Basın Yalan Yazıyor...

|

İki seyyah bir şehirden diğerine gidiyormuş. Derken yollarının üstünde taşkın bir dere çıkmış. Tam suyu geçecekler, az ötede korkudan tir tir titreyen yapayalnız ve gencecik bir kadın görmüşler. Adamlardan biri hemen kadının yardımına koşmuş. Onu sırtına almış. Suyu öylece aşmış. Sonra kadını derenin öte yakasında yere bırakıp iyi günler deilemiş. Böylece yollarına devam etmişler.

Ancak yolun kalan kısmında öteki seyyahın ağzını bıçak açmamış. Suratından düşen bin parça. Somurttukça somurtuyor. Birkaç saat böyle surat astıktan sonra suskunluğunu bozup şöyle demiş : " Ne demeye o kadına yardım ettin? Bir de üstelik ona dokundun. Seni ayartabilirdi. Baştan çıakrtabilirdi! Erkekle kadın böyle temas etsin, olacak iş mi? Ayıp yahu! Olmaz, bize yakışmaz! "

Kadını sırtında taşıyan seyyah sabırla gülümsemiş. " İyi de dostum, ben o genç kadını derenin karşısına geçirip orada bıraktım. Sen ne demeye onu hala taşırsın ?

Geçtiğimiz günlerde Doberman familyası Galatasaray taraftarını satılmış, paralı asker konumuna sokmuştu. Biz de fırsat bulup cevap yazamamıştık. Biliyorsunuz ki her zaman Galatasaray'a kamu önünde böyle saldırılar yapılır. Galatasaray takım olarak başarısız yakalanınca da saldırılar artar, bölünmeye çalışılır. Tüm bunlar üst üste gelince de hangisine yanıt verileceği şaşılır.
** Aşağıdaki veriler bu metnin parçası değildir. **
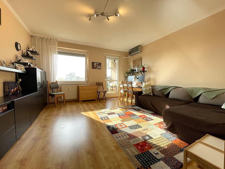 IV. kerületben, Káposztásmegyer II.-n, tíz emeletes liftes társasház V. emeletén, 70nm-es, 3szoba+hallos lakás eladó, 4nm-es ERKÉLLYEL és +10nm gardróbbal.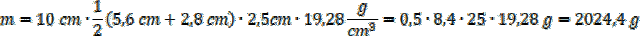 Przekrój poprzeczny sztabki jest trapezem równoramiennym o podstawach 5,6 cm i 2,8 cm oraz wysokości 2,5 cm. Sztabka ma 10 cm długości. Oblicz objętość, a następnie pomnóż ją przez gęstość złota, abyobliczyć masę sztabki.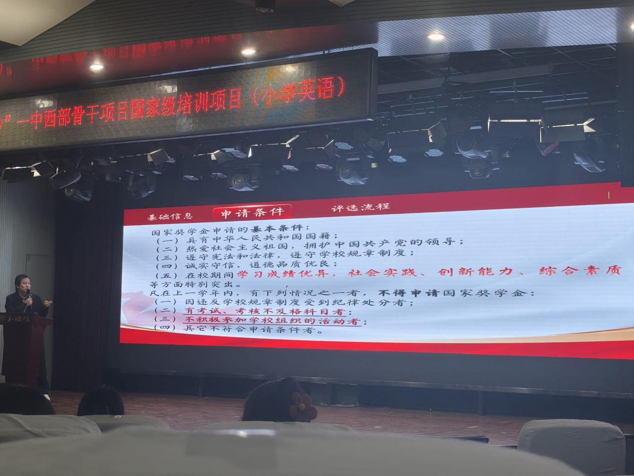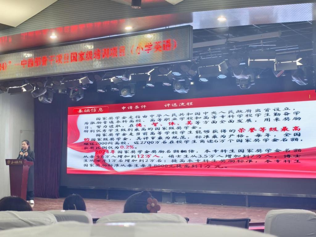活动前期,综合发展中心通过班级群等多渠道广泛宣传,详细介绍活动内容与参与方式,鼓励同学们积极学习榜样精神。活动当天,工作人员提前布置会场、调试设备,并引导参会员工有序入场。宣讲会上,主持人首先介绍了国家奖学金政策的重要意义,号召同学们以优秀学子为标杆,明确奋斗方向。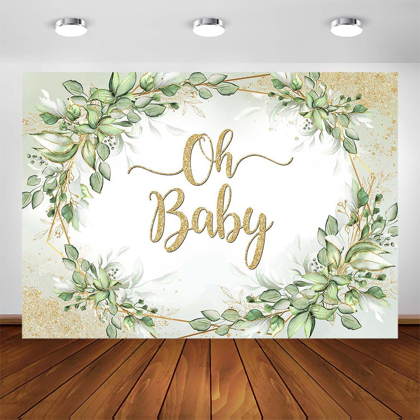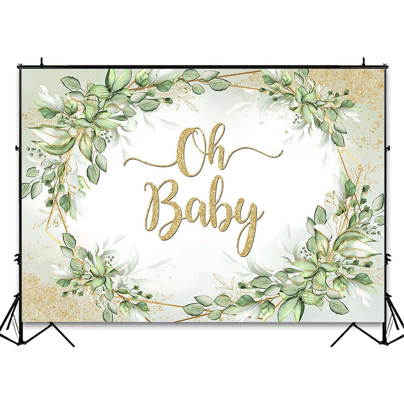 Avezano Sage Green Baby Shower Backdrop Gold Oh Baby Background Greenery Eucalyptus Leaves Baby Shower Party Decorations Banner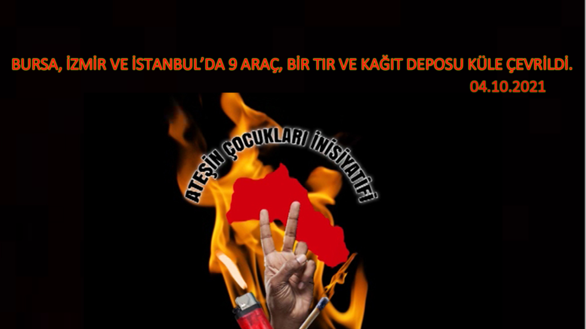Ülkesini işgal edip sömürdüğünüz biz Kürtlerin siz Türk faşistlerinin araçlarıyla rahat rahat gezmesine izin vermeyeceğiz. Eğer hergün biz Kürtlerin kanı akıyorsa bunun hesabının sorulacağını herkes bilmeli. Kürdistan’da terör saçan, panzerleriyle, askeri ve polisiyle ölüm kusan cellatlara karşı Bursa, İzmir ve İstanbul’da 9 araç, 1 tır ve 1 kağıt deposu da yakılıp küle çevrilmiştir.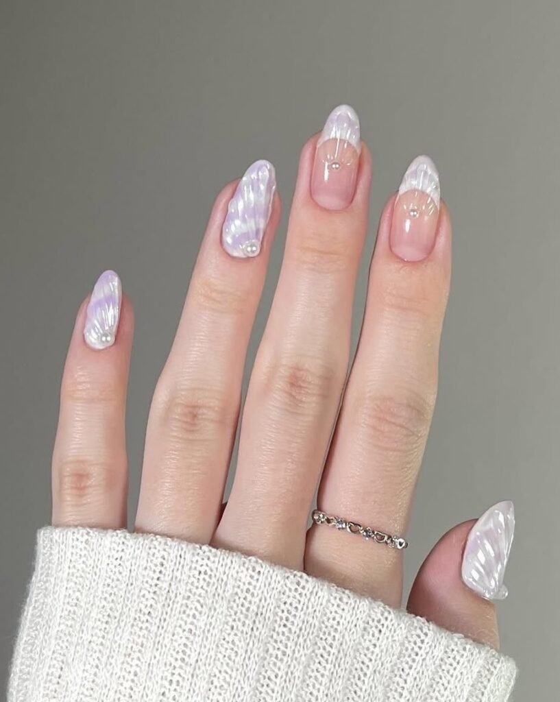 These nails look like they came straight out of a dreamy underwater fantasy. The soft lilac tones paired with pearlescent shell textures create that magical mermaid aesthetic that’s impossible to ignore.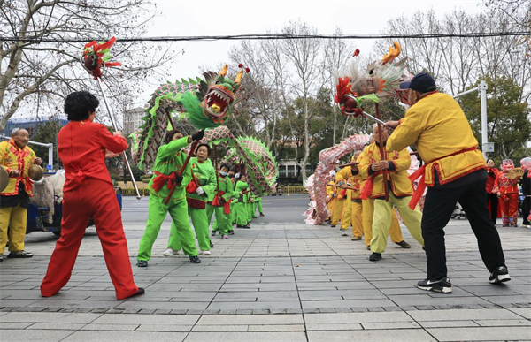 室外广场上舞龙腾跃翻飞(顾原菘 摄)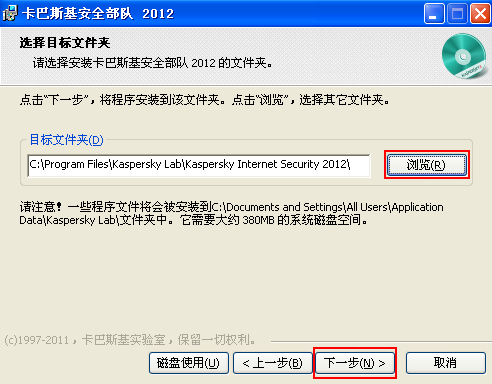 步骤4:选择安装卡巴斯基安全部队2012的文件夹。卡巴斯基安全部队2012默认的目标文件夹是C:\Program Files\Kaspersky Lab\Kaspersky Internet Security 2012\

Biz Galatasaray taraftarını satılmış gören medyayı da ikinci seyyaha benzetebiliriz. Bazı insanlar vardır. Aynaya bakarlar. Burnunun üstünde ben vardır. Buna üzülürler. Ve kendilerini tatmin etmek için kandırırlar. O benin herkesin burnunda olduğunu düşünür ve bu durumdan kurtulduğunu zannederler. Buradan yola çıkmak istediğimiz konu da şu. Geçtiğimiz dönemlerde passatlara, çuvalla paralara kalemini satmış, kayınbaba nüfuzuyla belli makamlara gelmiş, BORU reklamlarında oynayarak cebini doldurmuş kişilerin yönettiği basın aynaya bakıyor ve vicdanı sızlıyor. Çünkü haksız kazanç elde ettiklerini içlerindeki bir şey onlara hatırlatıyor. Ve bu kişiler Galatasaray taraftarını da kendisi gibi satılmış görerek kendilerini tatmin ediyorlar. Aynen hikayedeki 2. seyyah gibi. 2. seyyah ne yapmıştı? Kendisindeki kötü niyeti herkeste var diye düşünüp arkadaşını da kendisi gibi zannetmişti.


Kimi insan böyledir. Kendi korkularını, önyargılarını başkalarına yansıtır ve onlarda gördüğünü sanır. İşte asıl yük budur. Zihinlerini zanlarla doldurur, sonra da bunca ağırlğın altında eziliverirler. Galatasaray ile büyük taraftar arasındaki bağın derinliğini anlayamayanlara sözümüzdür : Siz önce kendi zihinlerinizdeki kiri, pası temizleyin.